By default, the 4.3.x versions of R loads gcc/8.5.0
, so you can
simply use the --auto
option when loading R/4.3.x
:
$ module load --auto R/4.3.3
Loading R/4.3.3
Loading requirement: gcc/8.5.0
R modules installed using versions of R other than 4.3.x
will not be
available on the RStudio server and you will need to install them again.
Warning
Using a GCC version greater than 8.x with R/4.3.x
may cause
modules you install to fail to load on the RStudio server with the
errors similar to the following:
Error: package or namespace load failed for ‘wk’ in dyn.load(file, DLLpath = DLLpath, ...):
unable to load shared object '/home/abc123/R/x86_64-pc-linux-gnu-library/4.3/wk/libs/wk.so':
/lib64/libstdc++.so.6: version `GLIBCXX_3.4.26' not found (required by /home/abc123/R/x86_64-pc-linux-gnu-library/4.3/wk/libs/wk.so)

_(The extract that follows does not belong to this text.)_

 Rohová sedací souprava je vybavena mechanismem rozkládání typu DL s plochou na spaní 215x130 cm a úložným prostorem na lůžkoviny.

See the Troubleshooting section below for more information.
Submitting R scripts using Slurm#
The recommended way to run R on Esrum is as non-interactive scripts submitted to slurm. This not only ensures that your analyses do not impact other users, but also makes make your analyses reproducible.

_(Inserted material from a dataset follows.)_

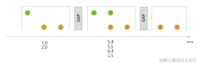 在这里,我们定义了一个会话窗口连接,其中每个会话被至少1ms的间隔分割。有三个会话,在前两个会话中,来自两个流的连接元素被传递给JoinFunction。在第三个会话中,绿色流中没有元素,所以⑧和⑨没有连接!

To run an R script on the command-line, simply use the Rscript
command:
$ cat my_script.R
cat("Hello, world!\n")
$ Rscript my_script.R
Hello, world!
For simple scripts you can use the commandArgs
function to pass
arguments to your scripts, allowing you to use them to process arbitrary
data-sets:
args <- commandArgs(trailingOnly = TRUE)
cat("Hello, ", args[1], "!\n", sep="")
$ Rscript my_script.R world
Hello, world!
If your script requires a heterogenous set of input files or options to
run, then it is recommended to use an argument parser such as the
argparser R library. To use the argparser library you must first
install it using the install.packages("argparser")
command.
The following is a brief example of how you might use the argparser
library and it can also be downloaded here
.
#!/usr/bin/env Rscript
library(argparser)
parser <- arg_parser("This is my script!")

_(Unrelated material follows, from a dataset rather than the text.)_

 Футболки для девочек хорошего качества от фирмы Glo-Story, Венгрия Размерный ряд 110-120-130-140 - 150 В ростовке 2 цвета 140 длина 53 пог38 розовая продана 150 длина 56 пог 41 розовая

parser <- add_argument(parser, "input_file", help="My data")
parser <- add_argument(parser, "--p-value", default=0.05, help="Maximum P-value")
args <- parse_args(parser)
cat("I would process the file", args$input_file, "with a max P-value of", args$p_value, "\n")
This allows you to document your command-line options, specify default values, and much more:
$ Rscript my_script.R
usage: my_script.R [--] [--help] [--opts OPTS] [--p-value P-VALUE]
input_file
This is my script!
positional arguments:
input_file My data
flags:
-h, --help show this help message and exit
optional arguments:
-x, --opts RDS file containing argument values
-p, --p-value Maximum P-value [default: 0.05]
Error in parse_args(parser) :
Missing required arguments: expecting 1 values but got 0 values: ().
Execution halted
$ Rscript my_script.R my_data.tsv
I would process the file my_data.tsv with a max P-value of 0.05
Finally, you write can write a small bash script to automatically load the required version of R and to call your script when you submit it to Slurm (using your preferred version of R):
$ cat run_rscript.sh
#!/bin/bash
module load gcc/8.5.0 R/4.1.2
Rscript "${@}"
The "${@}"
safely passes all your command-line arguments to
Rscript
, even if they contain spaces. This wrapper script can then
be used to submit/call any of your R-scripts:
$ sbatch run_rscript.sh my_script.R my_data.tsv --p-value 0.01
Submitted batch job 18090212
$ cat slurm-18090212.out
I would process the file my_data.tsv with a max P-value of 0.01
Installing R modules#
Modules may be installed in your home folder using the
install.packages
command:
$ module load gcc/8.5.0 R/4.3.1
$ R
> install.packages("ggplot2")
Warning in install.packages("ggplot2") :
'lib = "/opt/software/R/4.3.1/lib64/R/library"' is not writable
Would you like to use a personal library instead? (yes/No/cancel) yes
Would you like to create a personal library
‘/home/abc123/R/x86_64-pc-linux-gnu-library/4.3’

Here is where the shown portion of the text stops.